WORK ITEM: Could you give the data that follows again exactly, without its pictures?

SUPPLIED INFORMATION:
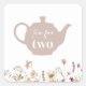 Una tetera rosa con una tipografía de "té para dos" en el interior, junto con una delicada acuarela pintada de flores silvestres en el fondo. ¡Perfecto para tu fiesta de té de cumpleaños!
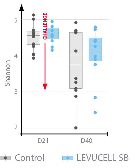 - With the live yeast supplement, the microbiota shows a better resilience to the challenge. On day 40, the live yeast samples count a higher number of different species with less predominance of certain species (Figure 1).
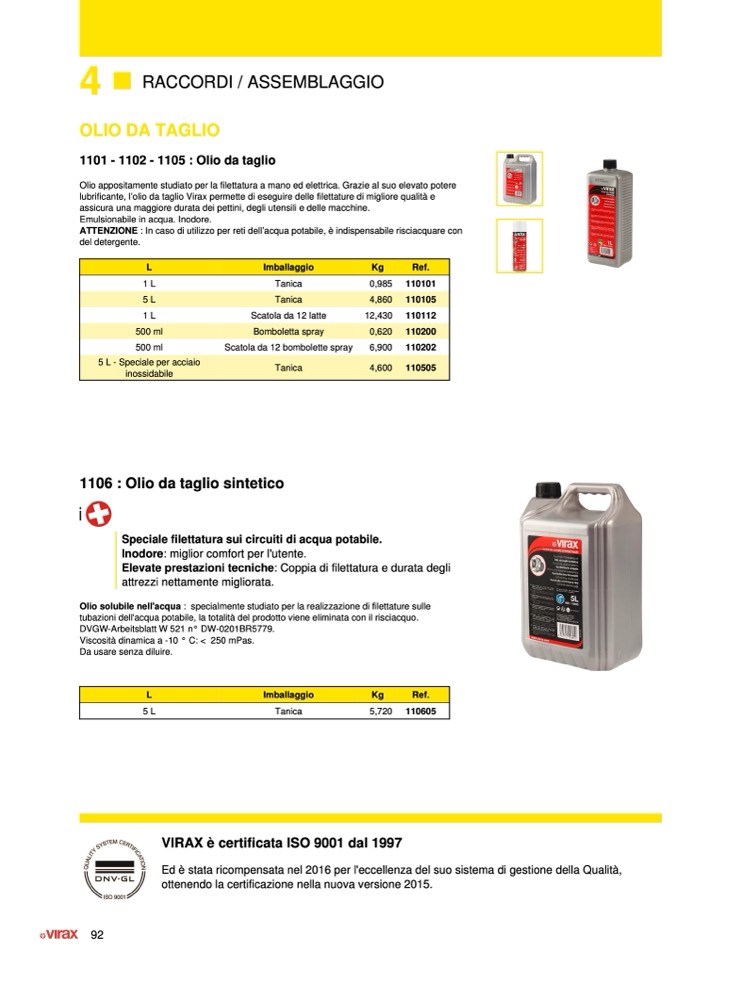 lubrificante, l’olio da taglio Virax permette di eseguire delle filettature di migliore qualità e
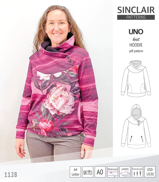 Featuring: semi fitted at the shoulders and bust, fitted at the hips (with the bottom band) hoodie designed for knit fabrics. Comes in a low hip length. Offered with a roomy lined or non lined (finished with a facing) overlapped cowl or a hood finished with optional drawstrings. Cowl and Hood are designed to be a part of the round accent yoke. Sleeves are finished with fitted cuffs. Can be finished with one layer side pockets or with zippered pockets.
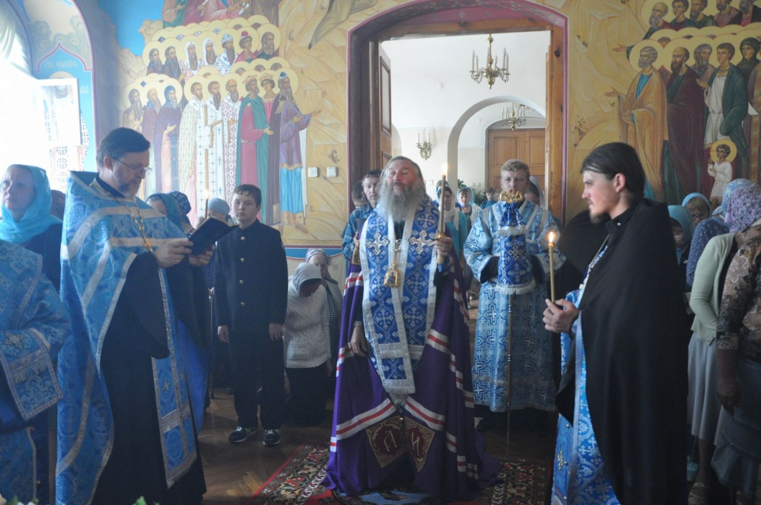 Богослужение началось вечером 10 июля с чтения акафиста Пресвятой Богородице в ее образе «Троеручица». Маленький домовый храм в здании Епархиального управления, освященный в честь празднуемого образа Богородицы, был полон молящихся.

REPLY TO THE EXERCISE:
 Una tetera rosa con una tipografía de "té para dos" en el interior, junto con una delicada acuarela pintada de flores silvestres en el fondo. ¡Perfecto para tu fiesta de té de cumpleaños!
 - With the live yeast supplement, the microbiota shows a better resilience to the challenge. On day 40, the live yeast samples count a higher number of different species with less predominance of certain species (Figure 1).
 lubrificante, l’olio da taglio Virax permette di eseguire delle filettature di migliore qualità e
 Featuring: semi fitted at the shoulders and bust, fitted at the hips (with the bottom band) hoodie designed for knit fabrics. Comes in a low hip length. Offered with a roomy lined or non lined (finished with a facing) overlapped cowl or a hood finished with optional drawstrings. Cowl and Hood are designed to be a part of the round accent yoke. Sleeves are finished with fitted cuffs. Can be finished with one layer side pockets or with zippered pockets.
 Богослужение началось вечером 10 июля с чтения акафиста Пресвятой Богородице в ее образе «Троеручица». Маленький домовый храм в здании Епархиального управления, освященный в честь празднуемого образа Богородицы, был полон молящихся.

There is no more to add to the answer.